Material provided ->
<<<<
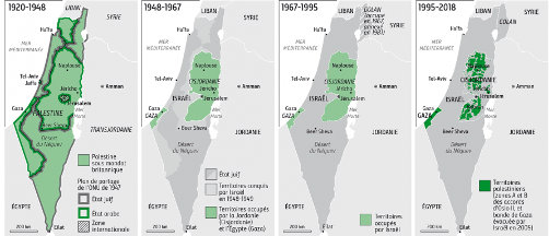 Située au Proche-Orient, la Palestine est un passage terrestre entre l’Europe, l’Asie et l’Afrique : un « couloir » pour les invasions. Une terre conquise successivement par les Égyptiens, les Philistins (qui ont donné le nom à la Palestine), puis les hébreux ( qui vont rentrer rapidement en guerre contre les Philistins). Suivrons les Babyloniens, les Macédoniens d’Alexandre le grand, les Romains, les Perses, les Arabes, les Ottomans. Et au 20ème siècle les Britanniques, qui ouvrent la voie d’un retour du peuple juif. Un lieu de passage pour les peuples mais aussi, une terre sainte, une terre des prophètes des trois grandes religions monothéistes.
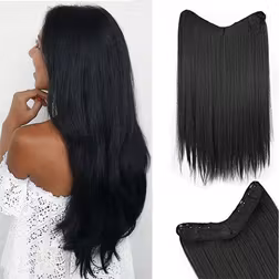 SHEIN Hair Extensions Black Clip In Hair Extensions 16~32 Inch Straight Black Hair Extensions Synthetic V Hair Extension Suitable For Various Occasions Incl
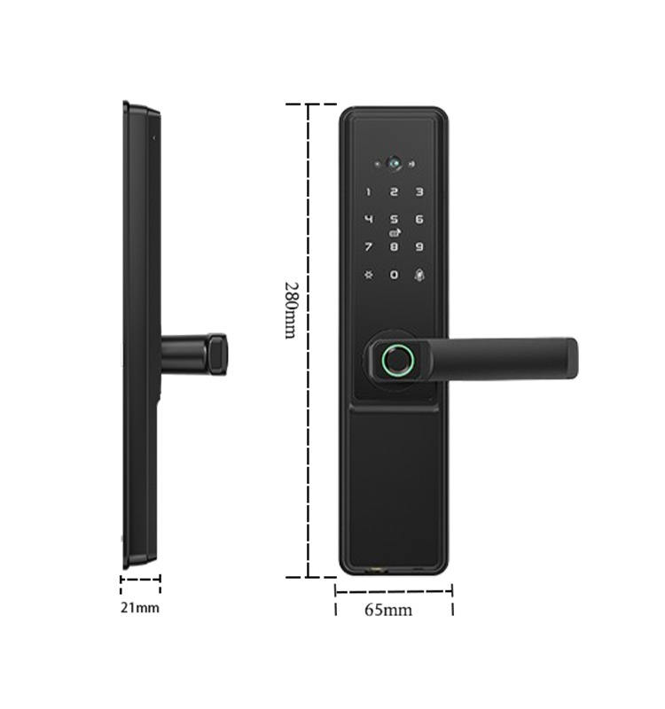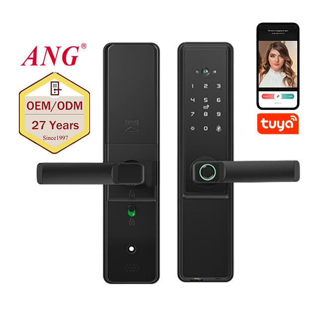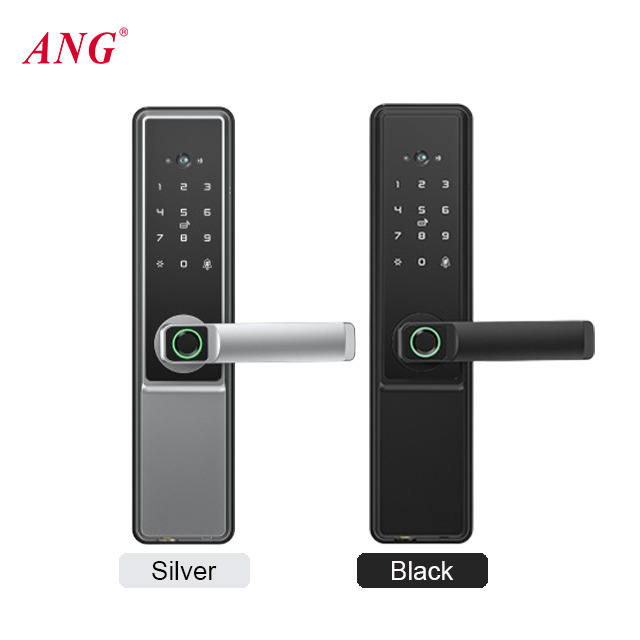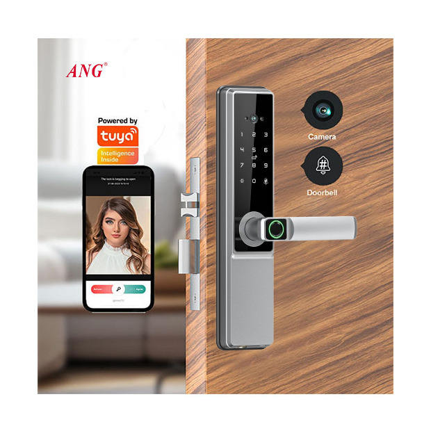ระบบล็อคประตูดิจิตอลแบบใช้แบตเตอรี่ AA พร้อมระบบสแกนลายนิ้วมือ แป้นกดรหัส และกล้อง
>>>>
Instructions to follow -> Copy the listing word for word, excluding its pictures.

Result for this exercise ->
 Située au Proche-Orient, la Palestine est un passage terrestre entre l’Europe, l’Asie et l’Afrique : un « couloir » pour les invasions. Une terre conquise successivement par les Égyptiens, les Philistins (qui ont donné le nom à la Palestine), puis les hébreux ( qui vont rentrer rapidement en guerre contre les Philistins). Suivrons les Babyloniens, les Macédoniens d’Alexandre le grand, les Romains, les Perses, les Arabes, les Ottomans. Et au 20ème siècle les Britanniques, qui ouvrent la voie d’un retour du peuple juif. Un lieu de passage pour les peuples mais aussi, une terre sainte, une terre des prophètes des trois grandes religions monothéistes.
 SHEIN Hair Extensions Black Clip In Hair Extensions 16~32 Inch Straight Black Hair Extensions Synthetic V Hair Extension Suitable For Various Occasions Incl
ระบบล็อคประตูดิจิตอลแบบใช้แบตเตอรี่ AA พร้อมระบบสแกนลายนิ้วมือ แป้นกดรหัส และกล้อง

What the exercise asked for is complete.